Can someone play around with the code?
Seems as though this reintroduces errors fixed in #246 and #247. Do you want to resync from develop and try again?
Ah yes, I just didn't do a pull from develop. I've done that now.
This hasn't fixed the RTI plotting issue. I'm looking into it, but if someone else figures out the problem I won't complain! :)
To help anyone who wants to debug the RTI problem, this is the code I'm running:
from davitpy import pydarn
from datetime import datetime
pydarn.plotting.plot_rti(datetime(2012,9,22),'rkn',eTime=datetime(2012,9,22,3))
And I get this error:
ERROR:root:no data available for the requested time/radar/filetype combination
Ah, it's actually a simple problem. It has to do with specifying a beam number (the bmnum
argument in radDataOpen). I removed a while loop in radDataTypes.py in the readRec function that I shouldn't have removed.

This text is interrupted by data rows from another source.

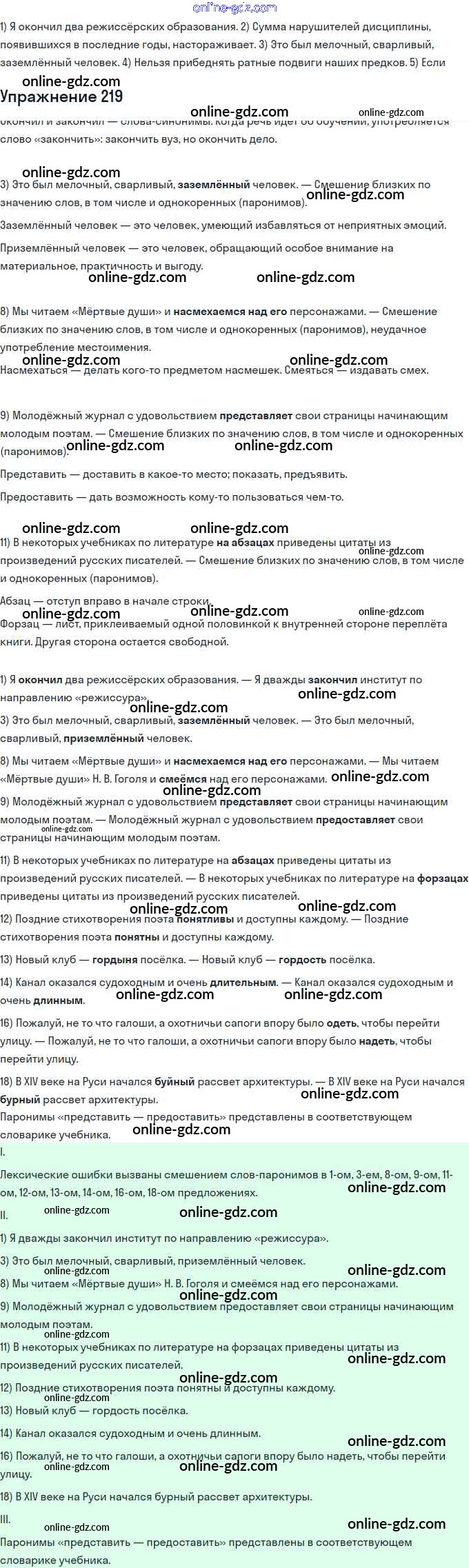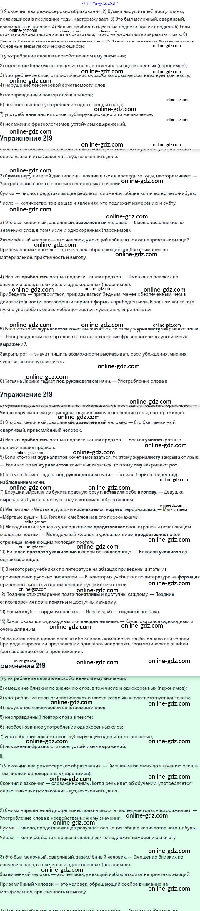 Готовые домашние задания по Русскому языку за 11 класс Учебник Львова, Львов Базовый и углубленный уровень 2016 - Упражнения 219
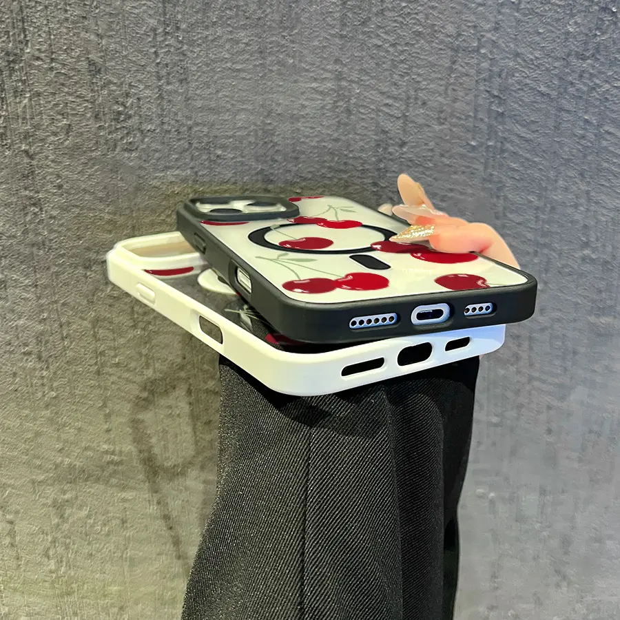 Phone case for iPhone 16 Pro Max 15 Plus 14 13 12 11 XS Max XR X Cherry Pattern Non-Yellowing Transparent Anti-Scratch Shockproof Pocket-Friendly Durable MagSafe Case with Charging Cellphone Cover Gift
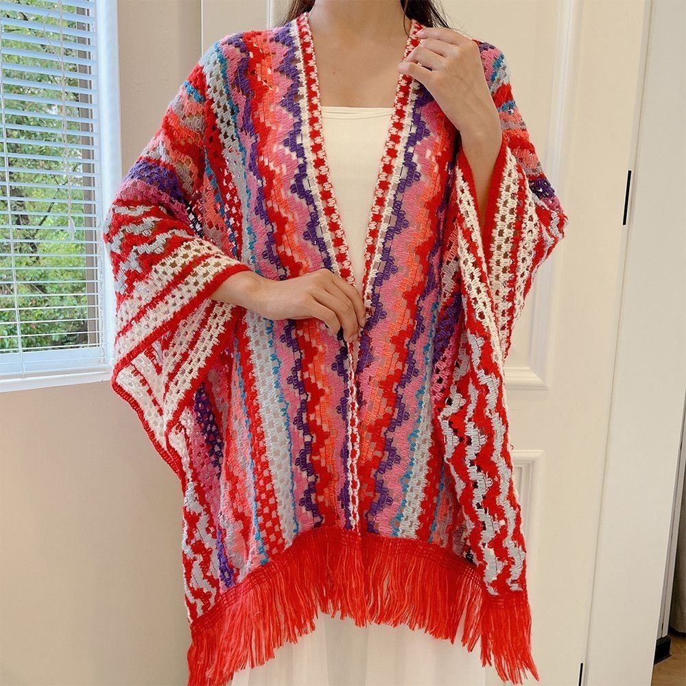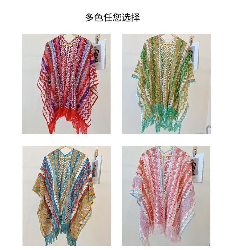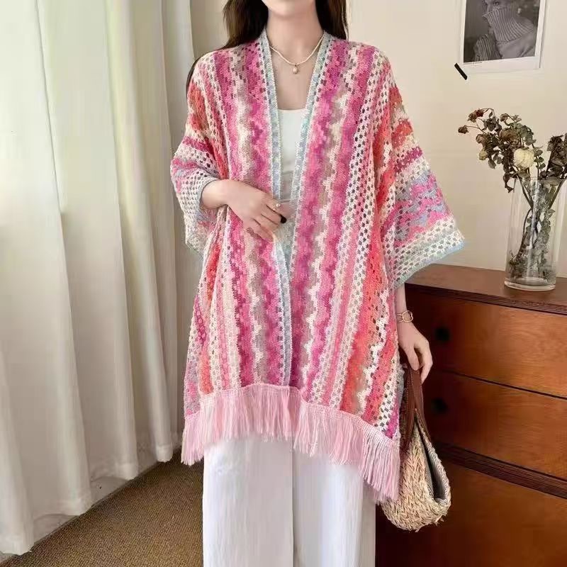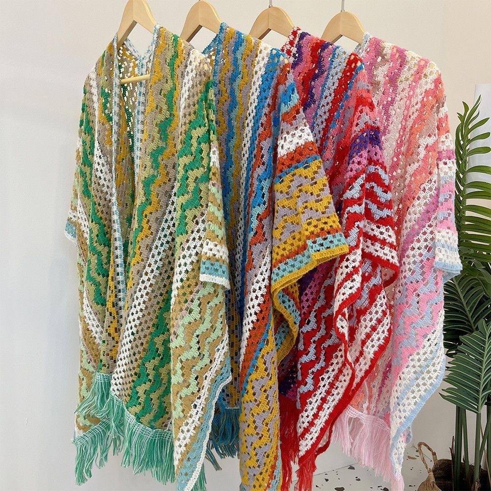 女性用の新しいスタイルのショール、カラフルなストライプのニットセーター、旅行や写真撮影用、多用途のエスニックスタイルのマント、旅行用の多用途のマント

This pull request is now finished (short of someone finding a bug).
Hey @asreimer,
I've been having trouble getting anything going with this branch. Here's what I can say I've done so far. I've removed the build/, dist/, and davitpy.egg-info/ directories where my code is as well as removed /usr/local/lib/python2.7/dist-packages/davitpy-0.6* directory since I run the install script without specifying a user.
However, when calling a pydarn.sdio.radDataOpen(sDate,radar,eDate,fileType='fitacf',local_fnamefmt=remote_fnamefmt,remote_fnamefmt=remote_fnamefmt)
with all the variables filled in I get an error message of:
ERROR:root:cannot import name parse_dmap_format_from_file Traceback (most recent call last): File "/usr/local/lib/python2.7/dist-packages/davitpy-0.6-py2.7-linux-x86_64.egg/davitpy/pydarn/sdio/radDataTypes.py", line 409, in __init__ self.eTime) File "/usr/local/lib/python2.7/dist-packages/davitpy-0.6-py2.7-linux-x86_64.egg/davitpy/pydarn/sdio/radDataTypes.py", line 774, in __validate_fetched from davitpy.pydarn.dmapio import parse_dmap_format_from_file ImportError: cannot import name parse_dmap_format_from_file
It seems as though there is some kind of issue with importing a module?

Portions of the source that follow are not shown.